3.3 Multidimensional causal variables and minimal causal variables

In many real-world scenarios, each $z_t$ is not a single scalar variable but a collection of factors—like $z_t^1, z_t^2, \ldots, z_t^k$ —each controlling a different aspect of the observed phenomenon. For instance in a 3D scene: $z_t^1$ might govern the horizontal position of an object, $z_t^2$ might govern its color, $z_t^3$ might control the background hue, and so on. Each dimension can be intervened upon, either individually or collectively.

A topic of intense inquiry is identifying minimal causal variables—the smallest set of variables that suffice to describe the system's causal dynamics. This is concerned with parsimony: we prefer a minimal set of factors, as that fosters better interpretability and reduces superfluous modeling overhead. Moreover, minimality is often tied to better identifiability properties. If the model lumps multiple distinct factors into a single dimension, it can obscure which interventions specifically affected the observed changes.
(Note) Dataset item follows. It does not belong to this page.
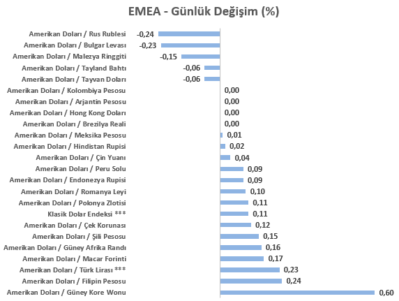 Dolar Endeksinin haftalık bazda iyimserliğini korumasına karşın kritik eşik bölge 100 seviyesi üzerinde kalıcılaşamadığını görebilmekteyiz. 95 – 100 bandı devam edip etmeyeceği hususunda bugünkü haftalık kapanışı takip etmekle birlikte an itibariyle sınırlı pozitif bir performans sergilemektedir. 23 gelişen ülke para biriminin yer aldığı EMEA sepetinde ise ABD Doları karşısındaki ayrışma devam etmekle birlikte çoğunluk baskı görmektedir. Günlük performanslar içerisinde en zayıf para birimi Güney Kore Wonu iken, en güçlü para birimi ise Rus Rublesi olmuştur. Türk Lirası listenin zayıf bölgesinde seyrini sürdürürken USDTRY kuru analizin hazırlandığı şu sıralar 42,18 seviyesine yakın seyrini sürdürmektedir.

3.4 Connection to the broader CRL field

TRIS is not an isolated phenomenon, but rather one instance of a broader push within CRL to incorporate real-world complexities like time, interactions, and direct manipulations. Indeed, one might see parallels with frameworks such as structural recurrent neural networks, partially observable Markov decision processes, or other sequential generative models. What sets TRIS apart is the explicit notion that we do not just passively track data over time; we actively intervene and measure the consequences. This is why TRIS is such an attractive setting for methodologists seeking to push the boundaries of causal representation discovery.

4. Introducing CITRIS

Now that you have a grasp on how CRL differs from statistical learning and how the TRIS setting encodes temporal interventions, we move on to a specific framework known as CITRIS ( info Causal Identifiability from Temporal Intervened Sequences). Proposed in Lippe and gang (2022a), CITRIS takes a stance that by combining temporal consistency with strategic interventions, one can learn an invertible mapping from high-dimensional observations to stable causal factors. The name CITRIS is a direct nod to the fact that it is designed to exploit the TRIS setup in order to achieve identifiability of causal variables.

4.1 Motivation: learning causal variables from high-dimensional data

The impetus behind CITRIS is straightforward if you consider the typical challenges of modern data. Real-world data—especially images or sensor readings—are massive in dimension. A single raw image might contain thousands of pixels, each with multiple color channels. Identifying the underlying causal factors from such unstructured data can feel akin to searching for a needle in a cosmic-scale haystack. CITRIS addresses this by imposing structure on the problem:

Temporal consistency: Observations close in time should share consistent factors.
Interventions: The moments when these factors are forcibly changed reveal which dimension is truly controlling which aspect in the observed domain.
Invertibility: A structure in the latent space ensures that each dimension corresponds to a genuinely distinct causal factor.

4.2 CITRIS at a glance (Lippe and gang, 2022a)

CITRIS can be conceptualized as a family of generative or inference-based models that incorporate both a forward mapping from latent factors to observations and a backward (i.e., encoder) mapping from observations to latent factors. The forward pass can be described as:

x_t = G(z_t; \theta)

where $z_t$ is the vector of latent causal variables at time $t$ and $\theta$ are the parameters. The backward pass involves an encoder:

q_{\phi}(z_t \mid x_t)

that attempts to invert $G$ and uncover the latent interacting components from the high-dimensional data. CITRIS extends these building blocks by layering in a transition prior that captures how $z_t$ evolves under interventions, as well as constraints that enforce partial or full invertibility. Additionally:

• The approach exploits minimal causal variables to ensure a principled factorization.
• A target classifier might be tacked on to help ensure that the assigned factors are indeed relevant to the interventions or targets of interest.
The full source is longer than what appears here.